Snowflake Bets $6B on AWS as AI Arms Race Escalates

The AI Bill Just Got Staggeringly Bigger

While everyone was watching Nvidia’s historic run, another colossal AI check just got signed. Data cloud leader SNOW—Snowflake—announced a $6 billion, five-year commitment to AMZN's Amazon Web Services. That's real money, even in today's overheated market. But this isn't just another cloud contract; it's a strategic cannonball fired squarely into the center of two raging wars: one for AI supremacy and another for data center dominance.

What's Behind the Deal

Snowflake, which rode to an IPO on AWS infrastructure, is doubling down. The pact commits Snowflake to using more of AWS's bespoke silicon, primarily the Arm-based Graviton CPUs and cloud-based GPUs for AI. For perspective, this deal effectively resets and massively scales the relationship. Their original 2020 agreement was for $1.2 billion over five years, later bumped to $2.5 billion. The new $6 billion figure implies an average annual spend of $1.2 billion—nearly the total value of the entire original contract spent each year.

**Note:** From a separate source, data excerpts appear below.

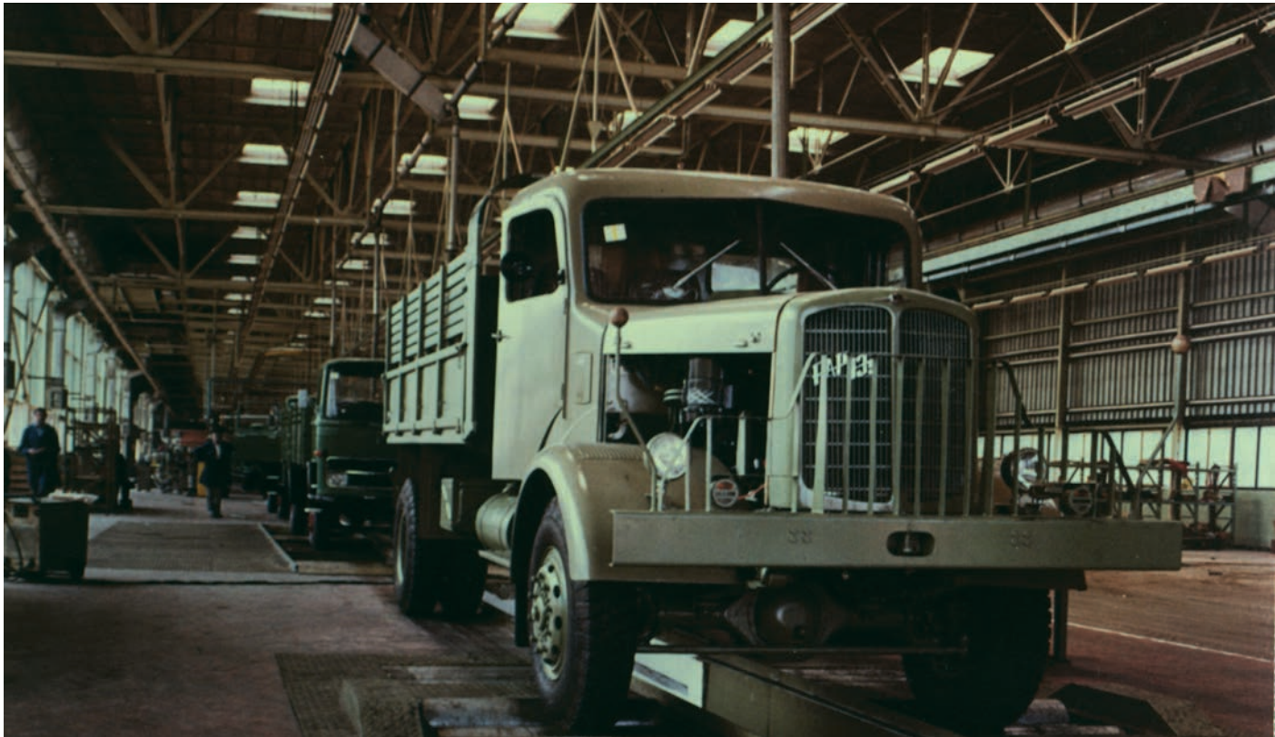
Слика 2 / Figure 2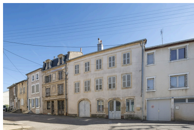
Rue Thiers, alignement du côté pair devant le n° 16, vue vers le nord-est. IVR43_20217000682NUC4A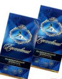
*ШОКОЛАД "ВДОХНОВЕНИЕ", Бабаево, 100г 5990 руб. 7640 руб.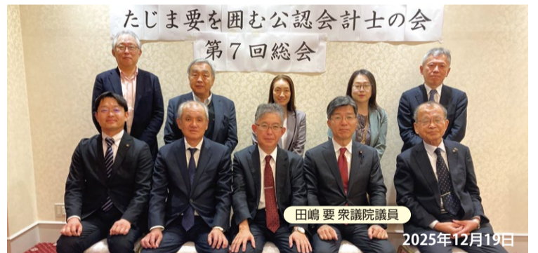
田嶋 要 衆議院議員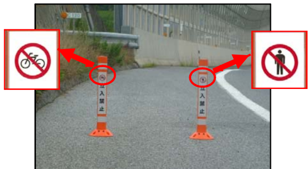
(高速道路出入口部の路肩にポール設置)

The timing was strategic. The announcement accompanied a stellar earnings beat (39 cents EPS vs. 32 cents expected) and strong guidance, sending Snowflake's stock soaring over 30% after hours. A deft move to ensure the market views this as an aggressive growth bet, not a costly liability.

The Real Play: It's All About the Chips

Here's where it gets interesting for traders. This deal is a massive validation vote for Amazon's custom silicon strategy. While Nvidia's GPUs are the undisputed kings of training massive AI models, the next phase—so-called "agentic AI"—requires a different kind of muscle.

Think beyond a chatbot answering a question. Agentic AI involves multiple AI agents performing complex, multi-step tasks: analyzing data, making decisions, executing workflows. This requires immense general-purpose compute power to orchestrate and move data between specialized systems. That’s Graviton's sweet spot.

"Graviton is our industry-leading CPU chip, which allows Meta to run the CPU-intensive workloads behind Agentic AI with the performance and efficiency they need at their scale," Amazon CEO Andy Jassy said on a recent earnings call. When Meta commits to "hundreds of thousands" of your chips and Snowflake bets $6B on your ecosystem, a trend is undeniable.

This is a direct challenge to the decades-long x86 duopoly of INTC and AMD. Amazon, followed by Google and Microsoft, brought Arm into the data center. Now, they're taking it mainstream for the AI era. The implication? The value in the AI stack is spreading beyond just the GPU.

Market Calculus: Who Wins, Who Watches?

For Amazon, this is a masterstroke. It locks in a massive, growing customer, showcases the power of its vertically integrated hardware/cloud stack, and proves AWS remains the go-to platform for AI-scale innovation. It follows the $100B+ Anthropic and OpenAI deals, solidifying AWS's AI pipeline. The message to rivals: we have the most compelling full-stack solution.

For Snowflake, the bet is existential. They’ve been an AWS shop from day one. This deal secures their infrastructure backbone and privileged access to the cutting-edge silicon needed to power the next generation of AI-native data applications. Their simultaneous acquisition of AI startup Natoma underscores they’re putting this infrastructure to immediate, aggressive use.

For Nvidia, the picture is nuanced. Snowflake also has a close partnership with Nvidia, and the deal includes AWS GPUs. But the gravitational pull toward Graviton for core workloads suggests that while Nvidia will remain essential, its absolute dominance in every AI compute layer is facing competitive pressure. The thesis of an "AI tide lifting all boats" still holds, but some boats are now being engineered in-house by the cloud giants.

For Intel and AMD, it's a clear headwind. The cloud titans are increasingly designing the chips they need, and their biggest customers are signing on. Market share in the data center CPU race is getting tougher.